This function loops through a number of train objects and calculates the training and test data predictions and class probabilities

Keywords
manip
Usage
extractPrediction(object, testX = NULL, testY = NULL, unkX = NULL, 
   unkOnly = !is.null(unkX) & is.null(testX), verbose = FALSE)
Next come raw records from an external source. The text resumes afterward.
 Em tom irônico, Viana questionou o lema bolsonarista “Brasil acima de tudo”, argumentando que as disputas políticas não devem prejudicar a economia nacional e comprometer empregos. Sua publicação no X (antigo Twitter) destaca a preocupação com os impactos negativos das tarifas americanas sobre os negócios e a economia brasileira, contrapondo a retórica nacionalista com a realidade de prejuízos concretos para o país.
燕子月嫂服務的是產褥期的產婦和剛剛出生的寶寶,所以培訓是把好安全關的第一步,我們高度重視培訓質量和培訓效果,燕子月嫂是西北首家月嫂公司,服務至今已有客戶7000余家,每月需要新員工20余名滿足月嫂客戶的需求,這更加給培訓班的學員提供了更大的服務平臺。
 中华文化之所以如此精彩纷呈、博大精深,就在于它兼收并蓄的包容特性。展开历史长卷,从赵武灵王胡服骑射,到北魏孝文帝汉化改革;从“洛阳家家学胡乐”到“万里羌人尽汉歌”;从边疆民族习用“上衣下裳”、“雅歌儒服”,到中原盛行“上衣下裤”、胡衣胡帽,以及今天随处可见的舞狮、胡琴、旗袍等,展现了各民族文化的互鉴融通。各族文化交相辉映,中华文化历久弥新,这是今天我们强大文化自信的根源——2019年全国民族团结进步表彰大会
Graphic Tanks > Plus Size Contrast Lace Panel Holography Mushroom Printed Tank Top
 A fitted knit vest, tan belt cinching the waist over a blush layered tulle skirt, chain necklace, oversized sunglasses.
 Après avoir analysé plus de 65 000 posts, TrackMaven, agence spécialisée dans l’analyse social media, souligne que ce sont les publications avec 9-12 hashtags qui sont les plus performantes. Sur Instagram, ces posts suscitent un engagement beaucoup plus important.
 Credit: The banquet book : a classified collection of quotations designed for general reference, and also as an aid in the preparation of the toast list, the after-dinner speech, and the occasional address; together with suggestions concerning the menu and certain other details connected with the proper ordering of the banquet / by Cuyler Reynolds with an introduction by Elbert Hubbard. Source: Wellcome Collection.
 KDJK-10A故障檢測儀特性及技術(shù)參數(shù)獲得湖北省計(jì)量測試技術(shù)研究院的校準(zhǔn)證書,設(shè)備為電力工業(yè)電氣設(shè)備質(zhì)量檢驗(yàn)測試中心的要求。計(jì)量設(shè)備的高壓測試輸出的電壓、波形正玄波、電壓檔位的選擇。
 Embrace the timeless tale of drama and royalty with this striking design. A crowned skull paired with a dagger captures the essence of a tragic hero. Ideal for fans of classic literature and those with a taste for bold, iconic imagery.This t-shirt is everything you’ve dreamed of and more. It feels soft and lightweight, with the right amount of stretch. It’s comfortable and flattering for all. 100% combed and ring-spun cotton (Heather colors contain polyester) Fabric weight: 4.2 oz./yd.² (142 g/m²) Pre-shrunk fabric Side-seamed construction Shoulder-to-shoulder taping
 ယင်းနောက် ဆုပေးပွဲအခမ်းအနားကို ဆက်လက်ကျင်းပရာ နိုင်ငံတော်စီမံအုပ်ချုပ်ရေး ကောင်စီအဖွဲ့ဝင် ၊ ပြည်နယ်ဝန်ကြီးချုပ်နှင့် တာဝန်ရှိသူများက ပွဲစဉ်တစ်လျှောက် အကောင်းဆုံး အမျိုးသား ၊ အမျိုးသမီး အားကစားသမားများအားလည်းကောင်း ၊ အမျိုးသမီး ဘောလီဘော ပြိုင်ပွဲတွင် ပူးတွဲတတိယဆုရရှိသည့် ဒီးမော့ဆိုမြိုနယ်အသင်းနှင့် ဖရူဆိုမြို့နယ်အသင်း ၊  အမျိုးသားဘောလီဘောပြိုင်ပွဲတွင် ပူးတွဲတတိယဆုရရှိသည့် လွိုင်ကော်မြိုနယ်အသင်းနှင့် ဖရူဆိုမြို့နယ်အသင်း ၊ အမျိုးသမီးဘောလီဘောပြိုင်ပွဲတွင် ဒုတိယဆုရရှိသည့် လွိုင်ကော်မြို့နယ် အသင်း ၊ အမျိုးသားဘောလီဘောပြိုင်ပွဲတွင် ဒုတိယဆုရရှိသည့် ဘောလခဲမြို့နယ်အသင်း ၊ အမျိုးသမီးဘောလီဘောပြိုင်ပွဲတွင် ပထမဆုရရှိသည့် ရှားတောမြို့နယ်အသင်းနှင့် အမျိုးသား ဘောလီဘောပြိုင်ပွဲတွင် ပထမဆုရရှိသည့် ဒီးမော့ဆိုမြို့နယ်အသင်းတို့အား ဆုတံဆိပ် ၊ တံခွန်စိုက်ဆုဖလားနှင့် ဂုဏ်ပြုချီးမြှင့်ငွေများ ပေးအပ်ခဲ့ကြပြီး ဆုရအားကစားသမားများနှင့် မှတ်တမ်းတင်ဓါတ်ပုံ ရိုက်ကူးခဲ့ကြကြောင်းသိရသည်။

extractProb(object, testX = NULL, testY = NULL, unkX = NULL, unkOnly = !is.null(unkX) & is.null(testX), verbose = FALSE)

Arguments
object
a list of objects of the class train. The objects must have been generated with fitBest = FALSE and returnData = TRUE.
testX
an optional set of data to predict
testY
an optional outcome corresponding to the data given in testX
unkX
another optional set of data to predict without known outcomes
unkOnly
a logical to bypass training and test set predictions. This is useful if speed is needed for unknown samples.
verbose
a logical for printing messages
Details

The optimal tuning values given in the tuneValue slot of the finalModel object are used to predict.

Value

  • For extractPrediction, a data frame with columns:
  • obsthe observed training and test data
  • predpredicted values
  • modelthe type of model used to predict
  • dataType"Training", "Test" or "Unknown" depending on what was specified
  • For extractProb, a data frame. There is a column for each class containing the probabilities. The remaining columns are the same as above (although the pred column is the predicted class)

Aliases
  • extractPrediction
  • extractProb
Examples
data(Satellite)
numSamples <- dim(Satellite)[1]
set.seed(716)

varIndex <- 1:numSamples

trainSamples <- sample(varIndex, 150)

varIndex <- (1:numSamples)[-trainSamples]
testSamples <- sample(varIndex, 100)

varIndex <- (1:numSamples)[-c(testSamples, trainSamples)]
unkSamples <- sample(varIndex, 50)

trainX <- Satellite[trainSamples, -37]
trainY <- Satellite[trainSamples, 37]

testX <- Satellite[testSamples, -37]
testY <- Satellite[testSamples, 37]

unkX <- Satellite[unkSamples, -37]

knnFit <- train(trainX, trainY, "knn")
rpartFit <- train(trainX, trainY, "rpart")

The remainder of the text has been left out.